Tenure : Tennessee

Identifying Effective Teachers Policy

Goal

The state should require that tenure decisions are based on evidence of teacher effectiveness.

Nearly meets goal
Suggested Citation:
National Council on Teacher Quality. (2011). Tenure : Tennessee results. State Teacher Policy Database. [Data set].
Retrieved from: https://www.nctq.org/yearbook/state/TN-Tenure--8

Analysis of Tennessee's policies

Tennessee is on the right track in connecting tenure decisions to evidence of teacher effectiveness.

Tennessee has recently increased its probationary period to five years, and now requires probationary teachers to receive an overall performance effectiveness rating of "above expectations" or "significantly above expectations" during the last two years of the probationary period.

A tenured teacher who receives two consecutive overall ratings of "below expectations" or "significantly below expectations" may be reverted to probationary status until they receive two consecutive ratings of  "above expectations" or "significantly above expectations."

Because Tennessee's teacher evaluation ratings are centered primarily on evidence of student learning (see Goal 3-B), basing tenure decisions on these evaluation ratings ensures that classroom effectiveness is appropriately considered. 

Citation

Recommendations for Tennessee

Ensure sufficient evidence is considered in tenure decisions.
To ensure tenure decisions are based on sufficient evidence of teacher effectiveness in the classroom, Tennessee should consider basing decisions on cumulative evidence of performance, rather than just two years' ratings.   

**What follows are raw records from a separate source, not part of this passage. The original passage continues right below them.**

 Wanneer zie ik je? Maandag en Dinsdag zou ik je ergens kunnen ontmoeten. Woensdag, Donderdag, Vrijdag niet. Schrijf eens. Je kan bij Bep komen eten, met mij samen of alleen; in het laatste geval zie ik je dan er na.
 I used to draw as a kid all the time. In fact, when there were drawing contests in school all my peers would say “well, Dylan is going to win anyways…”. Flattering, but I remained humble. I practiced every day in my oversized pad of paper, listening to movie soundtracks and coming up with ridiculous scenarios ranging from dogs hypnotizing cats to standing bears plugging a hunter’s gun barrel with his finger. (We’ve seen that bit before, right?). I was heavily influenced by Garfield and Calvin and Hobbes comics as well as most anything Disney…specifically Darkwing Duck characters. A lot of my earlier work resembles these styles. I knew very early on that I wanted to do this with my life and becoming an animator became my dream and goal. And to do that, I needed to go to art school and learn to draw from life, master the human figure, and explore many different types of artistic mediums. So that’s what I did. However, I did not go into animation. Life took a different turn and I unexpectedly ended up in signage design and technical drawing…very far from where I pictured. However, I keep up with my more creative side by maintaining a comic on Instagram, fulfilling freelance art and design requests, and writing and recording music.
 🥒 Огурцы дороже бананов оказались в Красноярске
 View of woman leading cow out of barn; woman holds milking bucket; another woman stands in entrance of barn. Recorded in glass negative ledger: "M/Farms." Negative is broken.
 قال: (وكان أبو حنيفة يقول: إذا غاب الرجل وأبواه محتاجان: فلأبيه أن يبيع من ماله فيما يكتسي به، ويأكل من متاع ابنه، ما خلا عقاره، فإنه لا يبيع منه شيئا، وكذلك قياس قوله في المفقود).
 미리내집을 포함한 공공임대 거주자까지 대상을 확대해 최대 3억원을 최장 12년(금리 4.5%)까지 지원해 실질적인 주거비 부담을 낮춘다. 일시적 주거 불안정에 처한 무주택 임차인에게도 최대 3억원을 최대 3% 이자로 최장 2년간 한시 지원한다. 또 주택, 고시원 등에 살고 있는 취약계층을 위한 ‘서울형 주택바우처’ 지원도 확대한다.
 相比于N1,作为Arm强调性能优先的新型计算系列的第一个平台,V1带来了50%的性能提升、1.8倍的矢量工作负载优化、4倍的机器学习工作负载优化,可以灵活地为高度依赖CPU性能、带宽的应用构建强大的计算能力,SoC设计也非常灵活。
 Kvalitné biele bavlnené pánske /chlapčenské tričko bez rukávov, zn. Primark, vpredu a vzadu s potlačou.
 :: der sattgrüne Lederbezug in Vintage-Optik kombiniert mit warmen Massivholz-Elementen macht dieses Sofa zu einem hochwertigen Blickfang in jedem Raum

State response to our analysis

Tennessee recognized the factual accuracy of this analysis.

Research rationale

Numerous studies illustrate how difficult and uncommon the process is of dismissing tenured teachers for poor performance. These studies underscore the need for an extended probationary period that would allow teachers to demonstrate their capability to promote student performance.

For evidence on the potential of eliminating automatic tenure, articulating a process for granting tenure, and using evidence of effectiveness as criteria for tenure see D. Goldhaber and M. Hansen, "Assuming the Potential of Using Value-Added Estimates of Teacher Job Performance for Making Tenure Decisions." Center for Reinventing Public Education. (2009).  Goldhaber and Hansen conclude that if districts ensured that the bottom performing 25 percent of all teachers up for tenure each year did not earn it, approximately 13 percent more than current levels, student achievement could be significantly improved. By routinely denying tenure to the bottom 25 percent of eligible teachers, the impact on student achievement would be equivalent to reducing class size across-the-board by 5 students a class.

For additional evidence see Robert Gordon, et al., "Identifying Effective Teachers Using Performance on the Job," Hamilton Project Discussion Paper, Brookings Institute, March 2006.